Не сводя глаз с птицы, Сив ждал удобного момента. Вот
глухарь снова завел свое скрипучее токование. Однако пока что бить неудобно,
несподручно. Надо сбоку зайти. Глухарь на мгновение смолк, подняв голову,
настороженно прислушался. И Сив тоже замер, не шелохнется, ждет нового
токования. Потом прыгнул два раза и снова замер. Птица все ближе и ближе. Вот
теперь хорошо стрелять, удобно: глухарь шею вытянул, крылья растопырил. Снизу,
под крыло обязательно целить надо...
Дождавшись еще одного токования,
Сив поднял лук, прицелился.

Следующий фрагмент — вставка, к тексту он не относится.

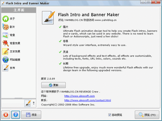 Flash Intro and Banner Builder V2.0.89 汉化绿色特别版 Flash Intro and Banner Builder是一款可以帮助设计者制作和设计动画Flash介绍、Flash标识、Flash广告、Flash弹出菜单以及任何其它Flash动画的Flash文本效果工具。你可以在几分钟之内使用你自己的照片和音乐,联合它们和动画文本以创建看起来专业的广告、标识和简介。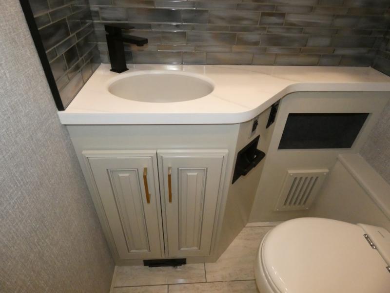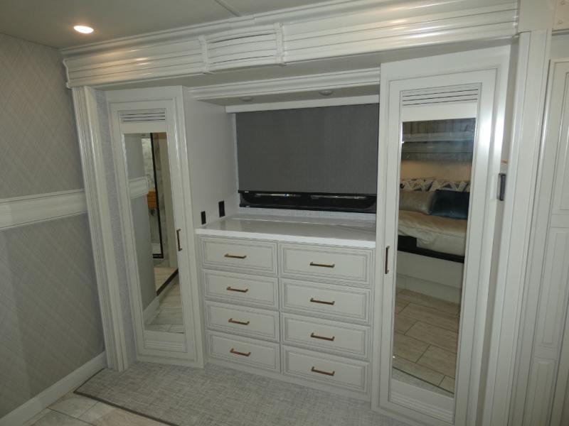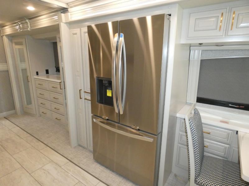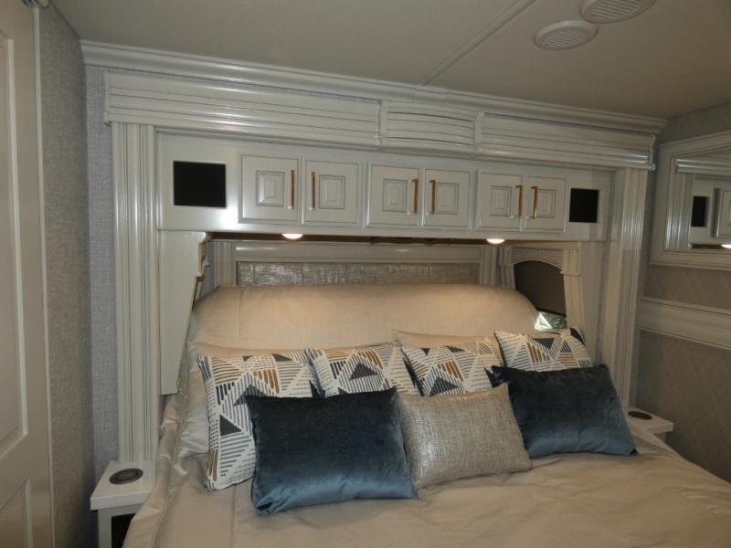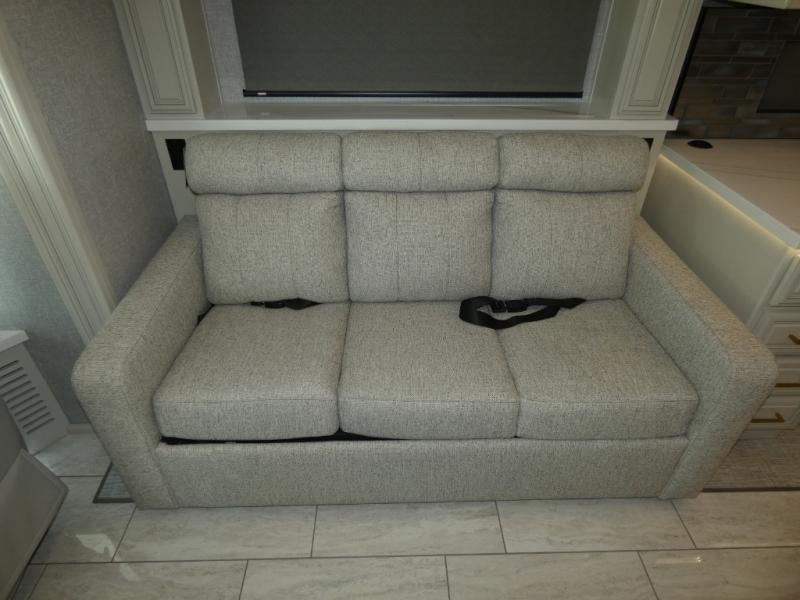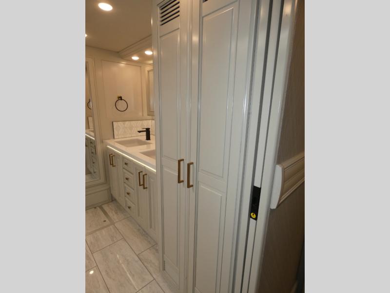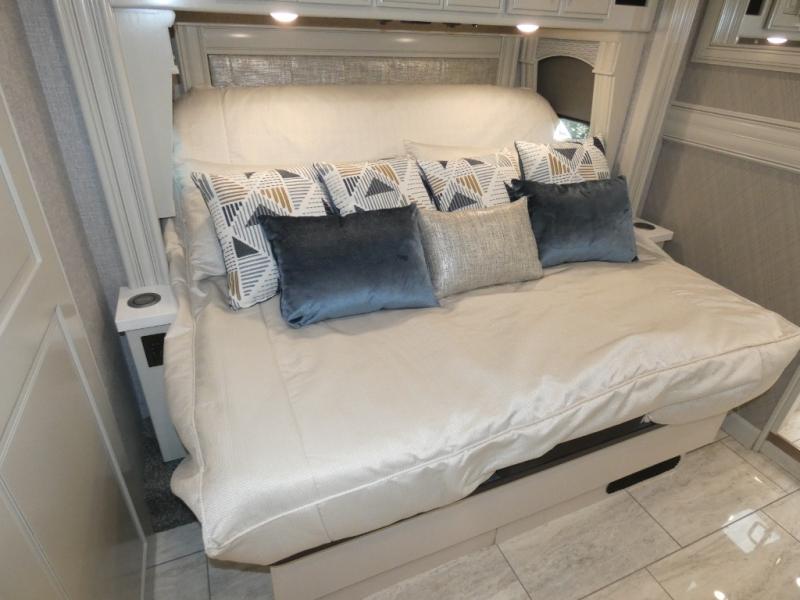 Head across the country or state in this spacious coach! The motion power lounge provides a comfy place to relax, and the sleeper sofa with a full-size mattress will be perfect for guests. The full kitchen includes a two burner induction cooktop and stainless steel over-the-range convection microwave to cook meals, plus a dishwasher for easy clean-up and a residential refrigerator for food storage. You will love having a king bed slide out to sleep on, along with dual bedroom wardrobes and a dresser to keep your clothes tidy. The mid-coach half bath is easily accessible for everyone to use, and the full rear master bath is sure to be a big bonus. Here, you'll find dual bath sinks, a spacious shower, storage space, and a stackable washer and dryer. This coach also includes LED TVs to keep you entertained, including an exterior entertainment center with a Bluetooth soundbar!

Тяжелая, с кремневым наконечником стрела ударила
как всегда точно. Большая черная птица, обламывая мелкие сучки, рухнула на
остатки мокрого, усыпанного хвоей снега. Сив кинулся на нее, придавил. Тут уж
зевать не приходится: часто бывает, что раненая птица и со стрелой в боку
улетит. Гоняйся потом за ней по всему лесу!
Стоя над трепещущей добычей, Сив
поискал глазами самое чащобное место, повернулся к нему лицом, сказал как
положено:
— Прими, Лесной дух, свою долю.
Головуптицы от чистого сердца даю тебе!
Наколов на острый сучок
краснобровую голову глухаря, Сив выдернул из добычи стрелу, подобрал копье и
прислушался. В лесной чащобе неистово и страстно токовал еще один глухарь. На
моховом зыбуне-болоте отзывался ему второй. Чуть подальше, за прогалиной,—
третий. Сквозь темные лапы елей уже просвечивало зарево начинавшейся зари.
Ночные тени уползали, прятались под коряги и выворотни. Боится света лесная нечисть.
А Сив, наоборот, этому безмерно рад. И птицы, кроме филина да совы, тоже рады.
Ишь как поют! На все голоса зарю расхваливают.
Сив глубоко, всей грудью вдохнул
влажный весенний воздух — словно меда напился. Хорошо в лесу! Глухарь на
болоте совсем от радости захмелел, токует взахлеб. Можно бы и этого взять, но
зачем? В роду сейчас пищи много, зимний голод уже прошел, сыты все. Лучше Сив
просто так постоит, волшебные голоса птиц послушает, посмотрит, как солнце из
земли будет выходить. Ух какой костер заря разожгла! Половина неба жарким
огнем полыхает. Вот-вот лопнет земля, разродится, выпустит солнце на волю.
На молодом охотнике была теплая
меховая куртка без ворота с короткими, по локоть, рукавами, кожаные узкие
штаны, перевитые ниже колен тонкими ремешками, охотничья обувь — кожаницы. Он
стоял, очарованно глядя на таинство рождения дня, на извечную битву света и
мрака. Всю жизнь борются они между собой. То один, то другой верх берет, а
окончательно никто победить не может...
Ярче и ярче пылает костер зари. Все сильнее алеет
раскаленный кусочек неба, видный Сиву между частыми стволами деревьев. Вот
наконец вырвались, прорезали лес солнечные лучи. Взошло, взошло красное
солнце!
— О-го-го-о-о-! — во всю силу
закричал Сив, радостно вскинув вверх руку с тяжелым, прочным копьем.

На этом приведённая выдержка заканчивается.